In this analysis, we found that more than one in five women at risk of an unplanned pregnancy in the United States would want to use a different method of contraception if they did not have to worry about cost. In a 2004 study that used a similar question to assess cost barriers, 31% of women would switch methods if cost were not an issue [2]. This decrease in prevalence is consistent with previously reported reductions in out-of-pocket costs following the ACA contraceptive mandate [6].

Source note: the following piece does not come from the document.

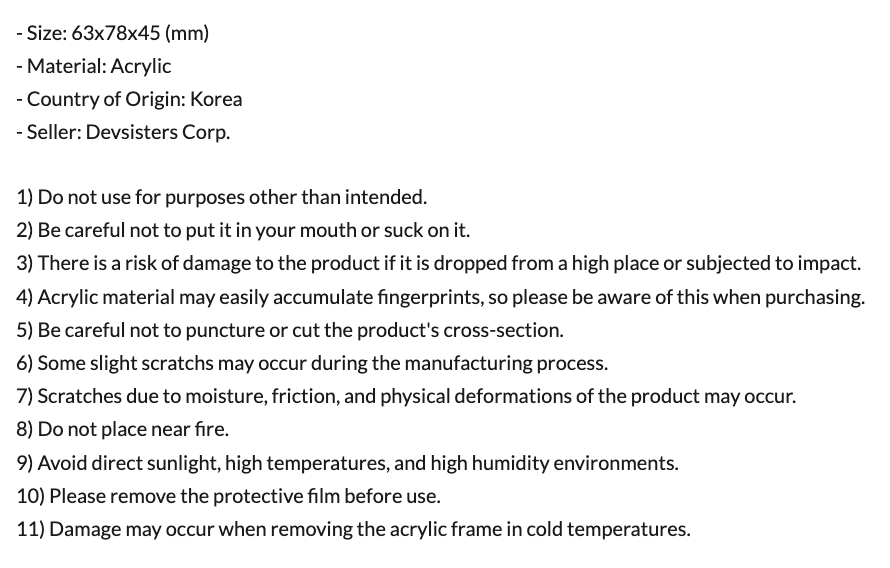 상세내역운영방침리뷰NOTICE* 아웃박스는 상품 보호를 위한 충격 방지용으로 제작되어 스크래치 및 구겨짐, 변색 등이 포장/배송 과정에서 생겨날 수 있고 이는 교환 사유가 될 수 없습니다.[CookieRun] Beast Cookie Acrylic Stand Keychain PART INFORMATION 상품 정보 제공 고시상품명 : [쿠키런] 비스트 쿠키 아크릴 스탠드 키링원산지 : Korea제조/수입 : 아이콘스 품질보증기준 : 관련법 및 소비자 분쟁 해결규정에 따름.AS 책임자 연락처 : Ktown4u, 02-552-0978

Those using condoms, withdrawal or no method were more likely to report cost barriers, which may reflect the relative affordability of these methods and their availability without a prescription. The higher prevalence of cost barriers among low-income women may be related to challenges reaching a Title X or Medicaid provider, or living in a state that did not expand Medicaid or does not operate a family planning waiver program [7,9]. Women of color may face obstacles accessing affordable contraception, and this may be especially true for recent and undocumented immigrants due to limited insurance coverage options. Finally, the higher prevalence of cost barriers for younger women underscores the importance of maintaining coverage protections under the ACA and access to Title X clinics for this group.

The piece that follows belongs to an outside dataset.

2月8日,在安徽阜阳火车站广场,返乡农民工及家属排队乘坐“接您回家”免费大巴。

Unfortunately, the NSFG did not assess which method women would prefer to use, although research from Texas suggests many may prefer more effective methods [4,5]. We recommend that future surveys implement questions to detect both the presence of unsatisfied contraceptive preferences as well as the specific method the respondent would prefer to use. Given that affordability is but one potential barrier to preferred method use, future questionnaires should ask respondents about cost as well as other possible barriers such as getting transportation to a clinic or locating a provider that offers their preferred method.

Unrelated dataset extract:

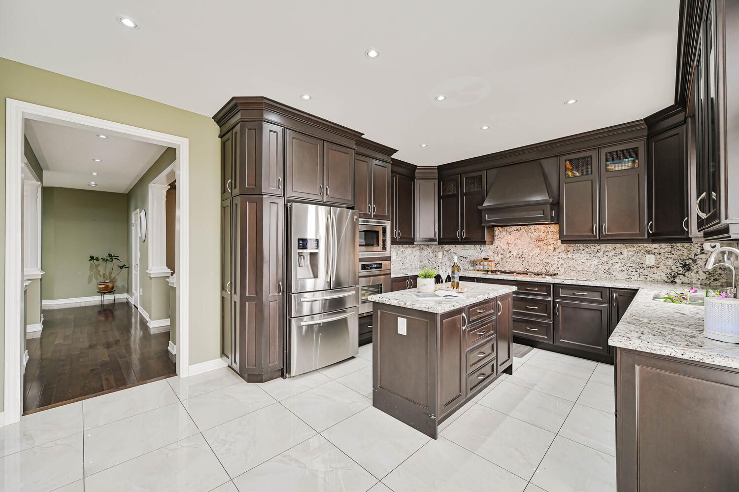 • Chef's kitchen features granite countertops and high-end stainless steel appliances.

As substantial changes are being considered and applied to federal laws and programs, monitoring whether people are able to afford their preferred method is an indicator of access to and quality of reproductive healthcare, as well as the state of reproductive autonomy [3]. These results are a benchmark for tracking the impact of policy changes as well as monitoring disparities in affordability across subgroups.

Declaration of competing interest

The authors declare no conflicts of interest.

Footnotes

Funding: This work was supported by the Susan Thompson Buffett Foundation as well as a center grant awarded to the Population Research Center at the University of Texas by the Eunice Kennedy Shriver National Institute of Child Health and Human Development (P2CHD042849). The funders played no role in the design or conduct of this study or in the preparation and review of this manuscript.